• Task statement:
Wherever an image appears in the data, omit it and copy all the remaining text word for word.

• Data provided:
----------------------------------------
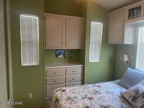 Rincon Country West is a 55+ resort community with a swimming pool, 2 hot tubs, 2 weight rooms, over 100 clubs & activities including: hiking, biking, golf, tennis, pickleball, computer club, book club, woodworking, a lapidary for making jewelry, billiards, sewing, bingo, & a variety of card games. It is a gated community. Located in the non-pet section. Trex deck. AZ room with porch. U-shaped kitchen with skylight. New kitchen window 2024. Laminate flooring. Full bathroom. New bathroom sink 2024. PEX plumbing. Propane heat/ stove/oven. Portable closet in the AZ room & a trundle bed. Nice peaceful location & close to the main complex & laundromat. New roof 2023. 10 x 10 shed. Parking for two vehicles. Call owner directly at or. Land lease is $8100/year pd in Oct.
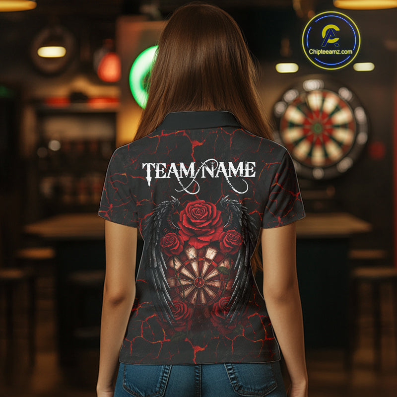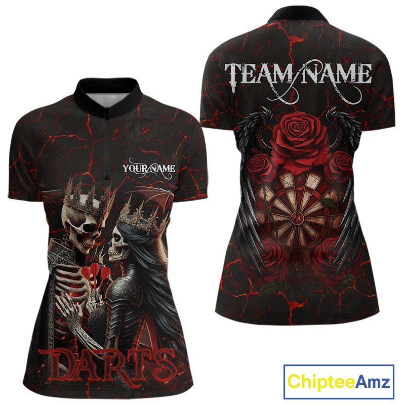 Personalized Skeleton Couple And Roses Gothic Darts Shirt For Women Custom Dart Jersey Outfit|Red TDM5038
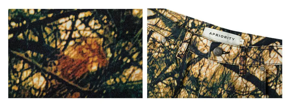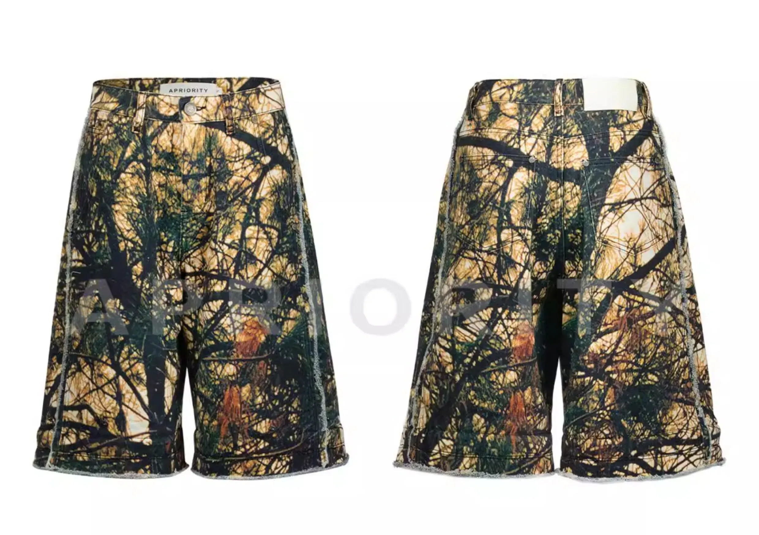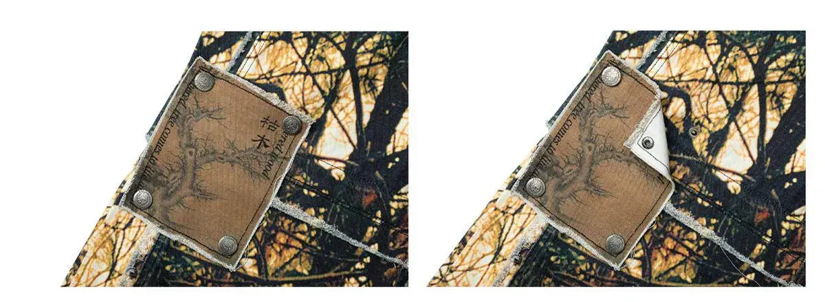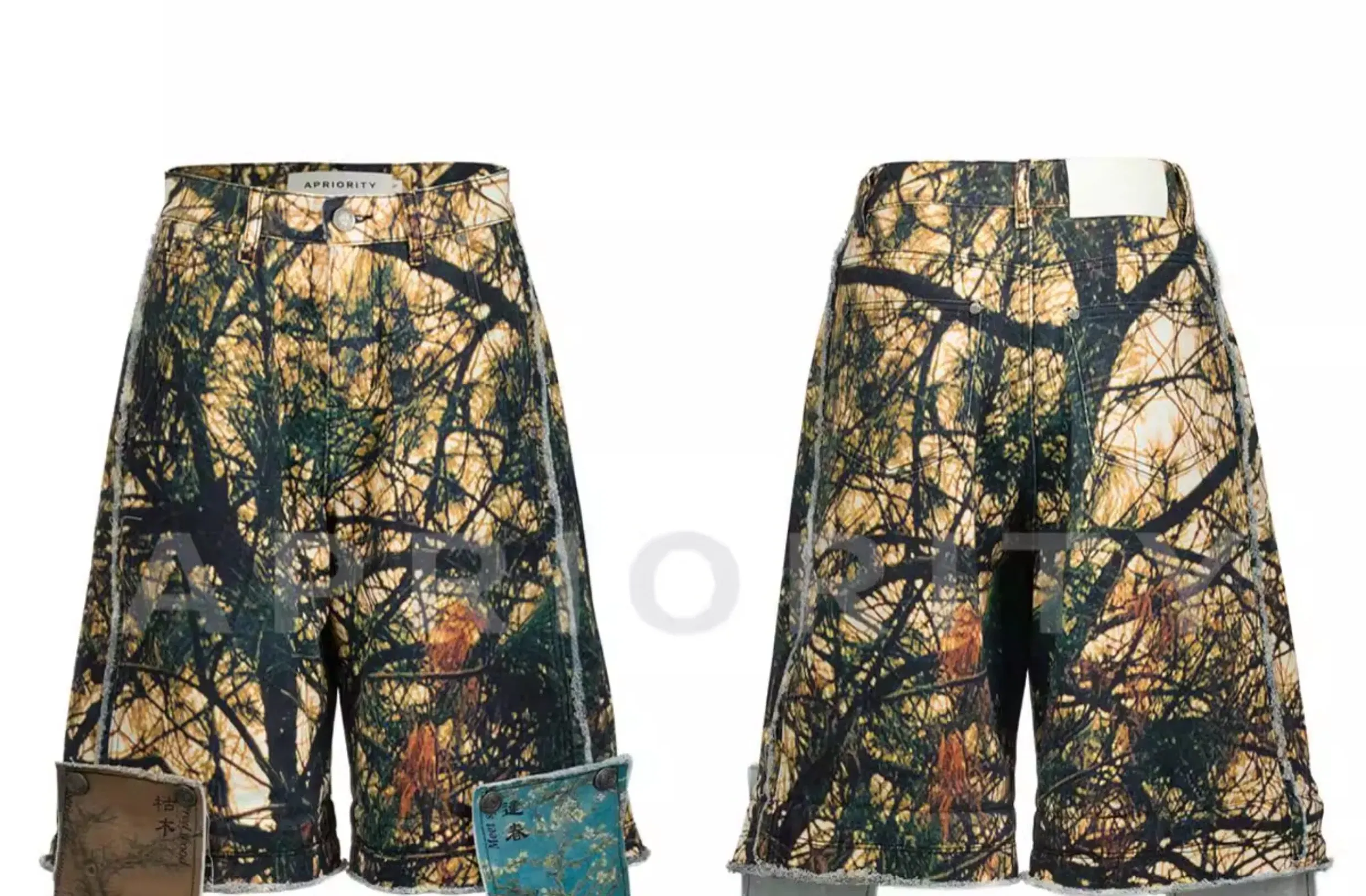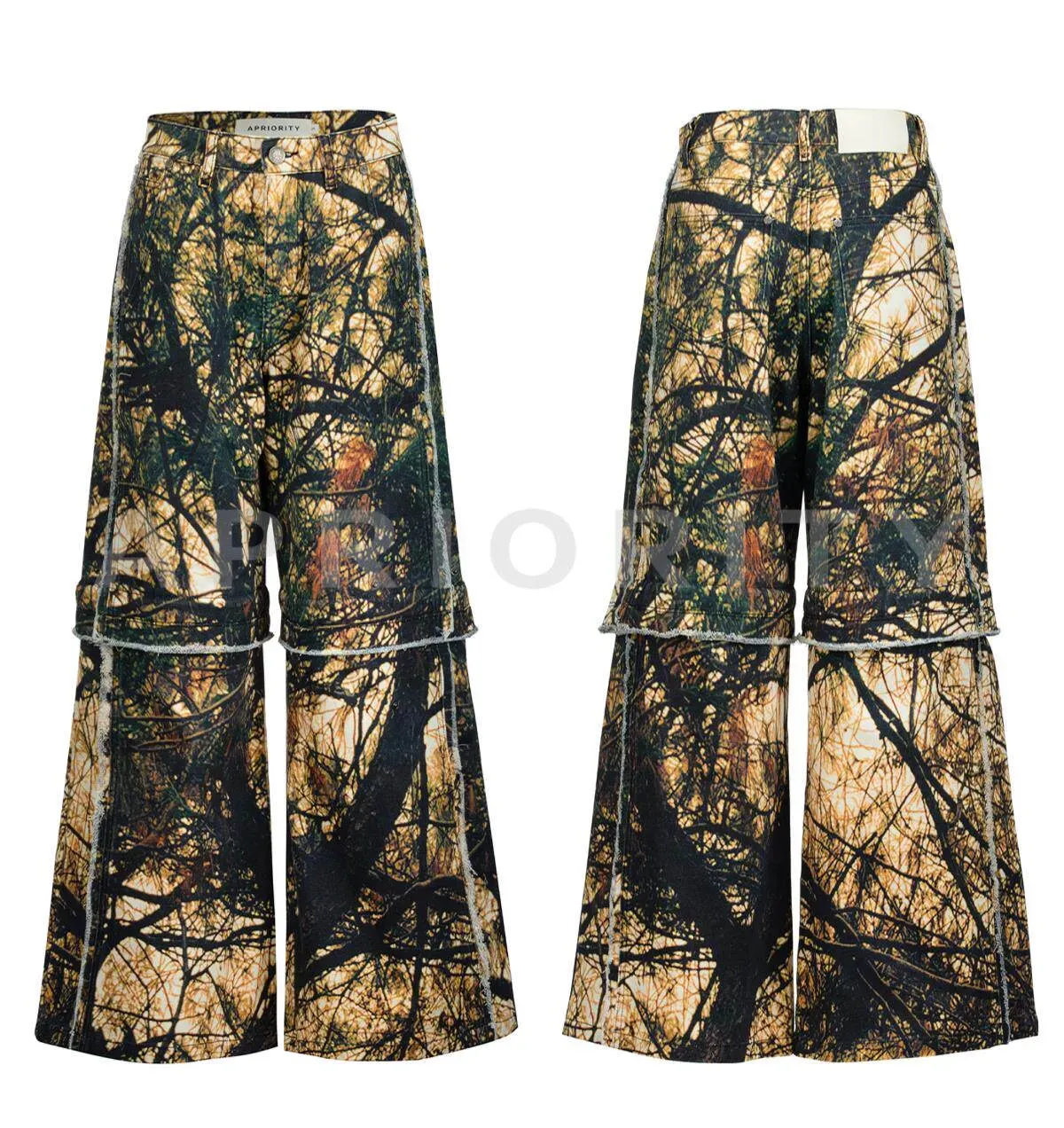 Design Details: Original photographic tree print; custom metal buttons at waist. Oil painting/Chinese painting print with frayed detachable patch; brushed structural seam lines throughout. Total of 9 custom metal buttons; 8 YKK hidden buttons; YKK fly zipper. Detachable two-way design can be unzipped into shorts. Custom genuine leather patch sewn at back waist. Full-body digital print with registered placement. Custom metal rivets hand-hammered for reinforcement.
----------------------------------------
• Solution for this problem:
 Rincon Country West is a 55+ resort community with a swimming pool, 2 hot tubs, 2 weight rooms, over 100 clubs & activities including: hiking, biking, golf, tennis, pickleball, computer club, book club, woodworking, a lapidary for making jewelry, billiards, sewing, bingo, & a variety of card games. It is a gated community. Located in the non-pet section. Trex deck. AZ room with porch. U-shaped kitchen with skylight. New kitchen window 2024. Laminate flooring. Full bathroom. New bathroom sink 2024. PEX plumbing. Propane heat/ stove/oven. Portable closet in the AZ room & a trundle bed. Nice peaceful location & close to the main complex & laundromat. New roof 2023. 10 x 10 shed. Parking for two vehicles. Call owner directly at or. Land lease is $8100/year pd in Oct.
 Personalized Skeleton Couple And Roses Gothic Darts Shirt For Women Custom Dart Jersey Outfit|Red TDM5038
 Design Details: Original photographic tree print; custom metal buttons at waist. Oil painting/Chinese painting print with frayed detachable patch; brushed structural seam lines throughout. Total of 9 custom metal buttons; 8 YKK hidden buttons; YKK fly zipper. Detachable two-way design can be unzipped into shorts. Custom genuine leather patch sewn at back waist. Full-body digital print with registered placement. Custom metal rivets hand-hammered for reinforcement.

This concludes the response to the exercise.